▶ COLLECTED MATERIAL
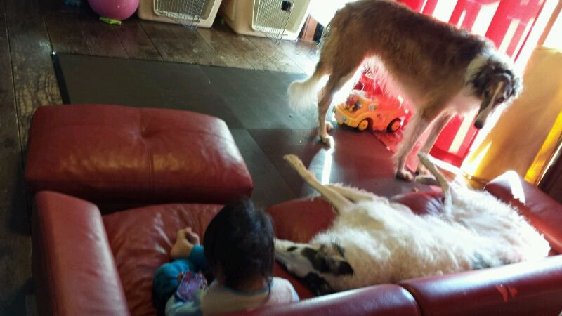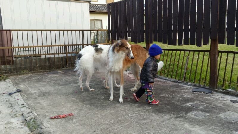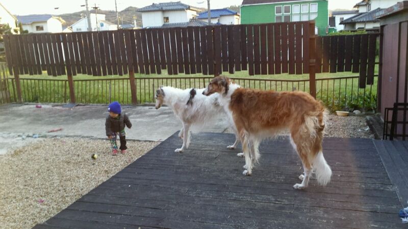 2013年11月29日 元気なのはボクちゃんだけですよヽ( ̄▽ ̄)ノ 今日の夕方 ジャンパー着て準備万端のルネ 外で遊ぼうぜぇーーーっと、誘ってます 付き合ってあげますか~ と、、、出てきたものの 動いているのはルネだけ 寒さに強いな、、、子供って あれっ???ボルゾイも寒さに強いはずですょね?! ブッチ兄さん座り込みました ルネまで、、、 子供元気さには全く勝てないボル達でした ブログランキングに参加しています ↓下の画像ほポチっとワンクリック よろしくお願いします にほんブログ村 にほんブログ村 ポチっと♪ありがとうございました
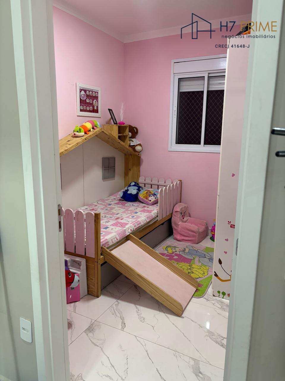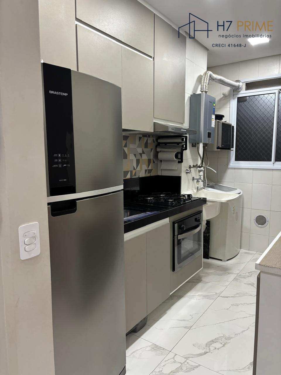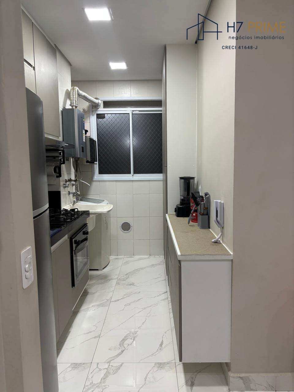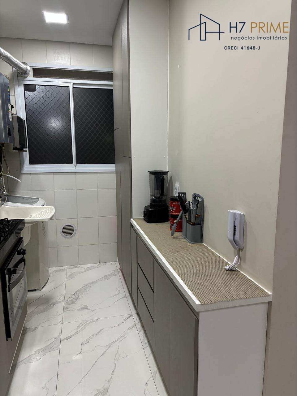 Apartamento de 51m², localizado em andar baixo, 2 dormitórios, sala, banheiro social, cozinha com armários planejados e área de serviço.
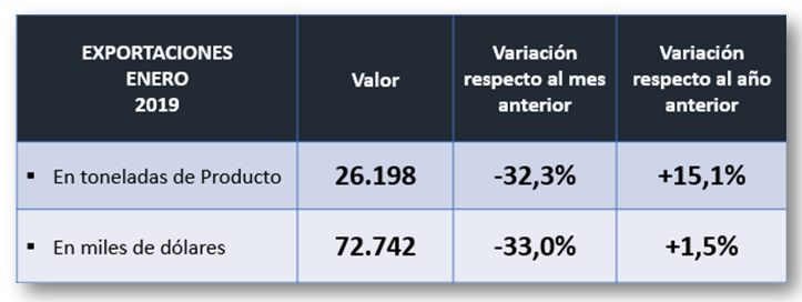 En enero de 2019 las exportaciones de productos lácteos fueron de 26.198 toneladas por un valor de US$ 72,7 millones, lo que representa una disminución del 32,2% y 33,0% respectivamente en comparación con el mes anterior y un incremento de 15,1% en volumen comparado con enero 2018 y +1,5% en valor para igual mes del año pasado. Se dio una importante caída en el volumen del Resto de Productos y en el valor unitario promedio de las exportaciones (-11,9%). Cabe acotar que en la comparación intermensual lo estamos haciendo con diciembre de 2018 que fue el más alto de los últimos 5 años para dicho mes.
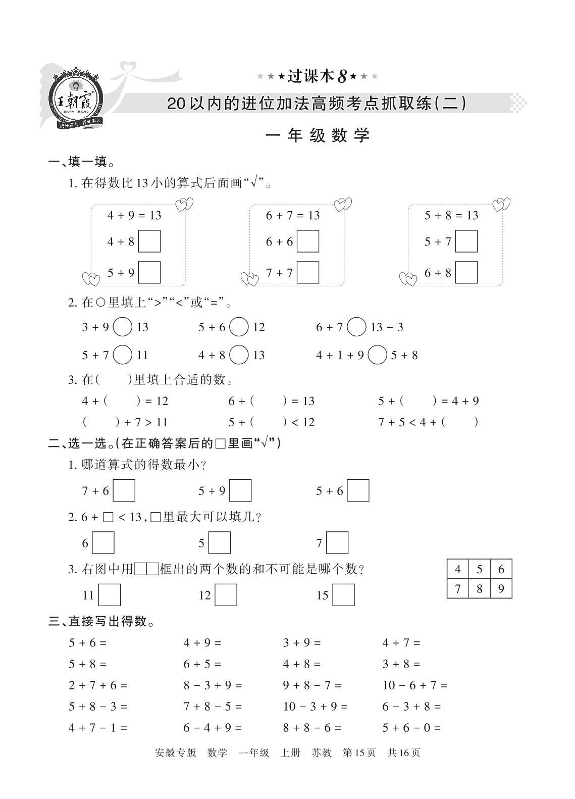 王朝霞期末过课本——20以内的进位加法高频考点抓取练(二)一年级上册数学(苏教版)【8】

▶ WORK TO COMPLETE
With the pictures set aside, return each line of the listing exactly as given.

▶ EXPECTED ANSWER
 2013年11月29日 元気なのはボクちゃんだけですよヽ( ̄▽ ̄)ノ 今日の夕方 ジャンパー着て準備万端のルネ 外で遊ぼうぜぇーーーっと、誘ってます 付き合ってあげますか~ と、、、出てきたものの 動いているのはルネだけ 寒さに強いな、、、子供って あれっ???ボルゾイも寒さに強いはずですょね?! ブッチ兄さん座り込みました ルネまで、、、 子供元気さには全く勝てないボル達でした ブログランキングに参加しています ↓下の画像ほポチっとワンクリック よろしくお願いします にほんブログ村 にほんブログ村 ポチっと♪ありがとうございました
 Apartamento de 51m², localizado em andar baixo, 2 dormitórios, sala, banheiro social, cozinha com armários planejados e área de serviço.
 En enero de 2019 las exportaciones de productos lácteos fueron de 26.198 toneladas por un valor de US$ 72,7 millones, lo que representa una disminución del 32,2% y 33,0% respectivamente en comparación con el mes anterior y un incremento de 15,1% en volumen comparado con enero 2018 y +1,5% en valor para igual mes del año pasado. Se dio una importante caída en el volumen del Resto de Productos y en el valor unitario promedio de las exportaciones (-11,9%). Cabe acotar que en la comparación intermensual lo estamos haciendo con diciembre de 2018 que fue el más alto de los últimos 5 años para dicho mes.
 王朝霞期末过课本——20以内的进位加法高频考点抓取练(二)一年级上册数学(苏教版)【8】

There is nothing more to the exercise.